Football Season Review

№13: West Ham United

West Ham will be playing Premier League football again next season but there is little else positive to be taken out from the campaign as a whole. Sam Allardyce did an excellent job in the first season since promotion and the fans were now hoping for a challenge for the top-half of the table. The transfer activity was overall limited with Andy Carroll easily the club’s biggest signing of the summer. Yet, the big striker, so key to the team’s overall approach, failed to play any football in the first five months of the season and that proved to have a huge impact on the entire team. The opening-day win over Cardiff was followed by a rather lengthy drought in terms of results as the Hammers picked just a single point in their next five league games, failing to score in all but one of them. A surprising and highly enjoyable 3:0 win at Tottenham lifted the mood after that but the team remained one-dimensional, lacking presence in attack and overall way too predictable. The wins remained too much of a rarity and the side actually claimed just two league victories in a run of 19 games between the opening day of the season and mid-January. By then, the pressure on Allardyce was growing exponentially as the Hammers suffered shameful FA Cup exit at the hands of Nottingham Forest, by 5:0, and then a 6:0 hammering at the hands of Manchester City in the League Cup semi-final.
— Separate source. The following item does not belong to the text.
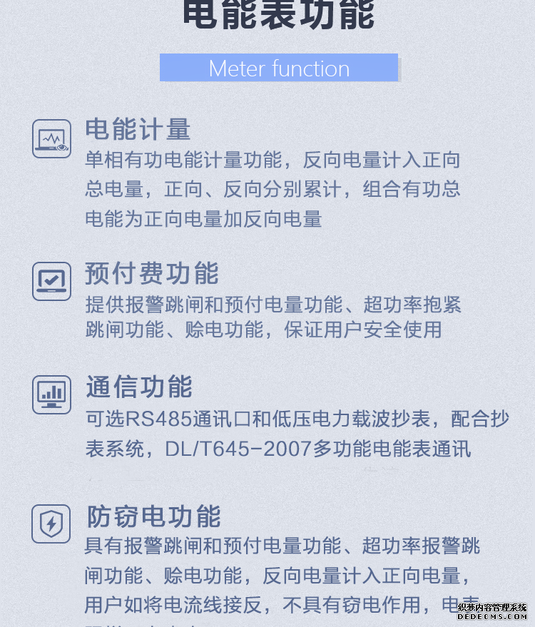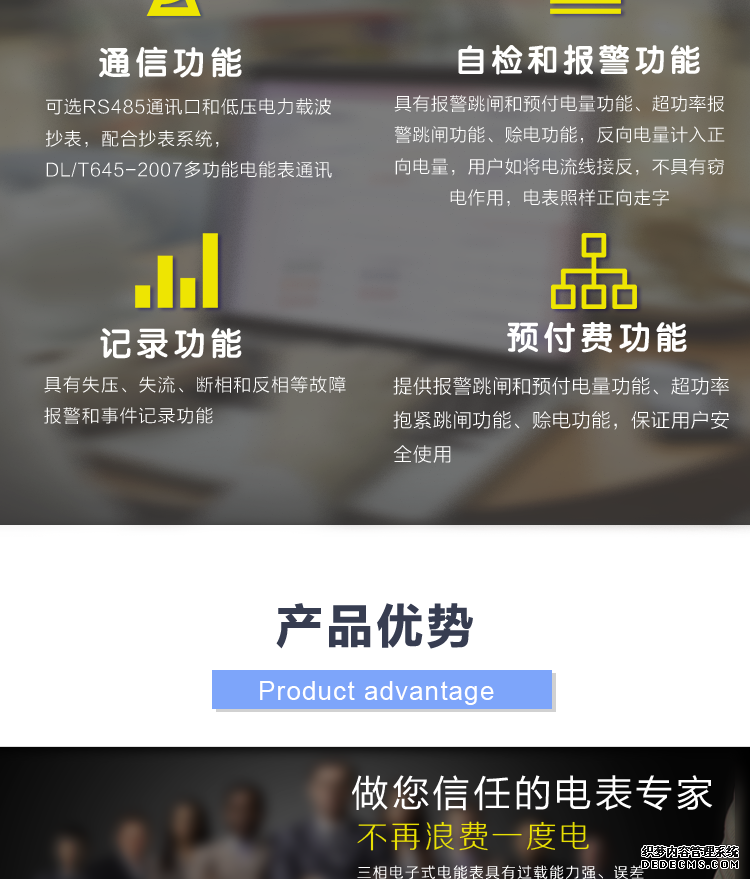 - 主要功能:有功,功率因素,有功功率,無功功能,電壓,電流,事件報警,需量
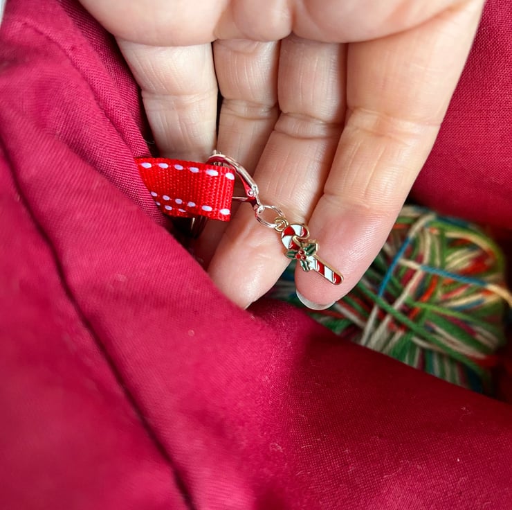There is also a key ring and lavender sachet inside. A little candy cane stitch marker included.

The win at Cardiff, that coincided with the return of Carroll to action, proved the biggest one of the season as it stopped the rot and restored the confidence among the players. West Ham went on a very good run of form after that as they held Chelsea to a shock draw at the Bridge and also claimed four wins in a row after that. That purple patch in February proved the saving grace of the Hammers as they moved way up the table and had enough to spare for the rest of the season as they managed to beat the drop. There was another decline in results from March onwards and the team actually lost seven games out of nine before a 2:0 win over Tottenham on the penultimate round of games finally sealed their status in the league. It was not all plain sailing but the job was done at the end, something that did not seem to be on the cards in these difficult days in January. Allardyce has faced some real discontent among the fans though due to the poor quality of football played and will be expected to deliver top-half finish and more entertainment next year.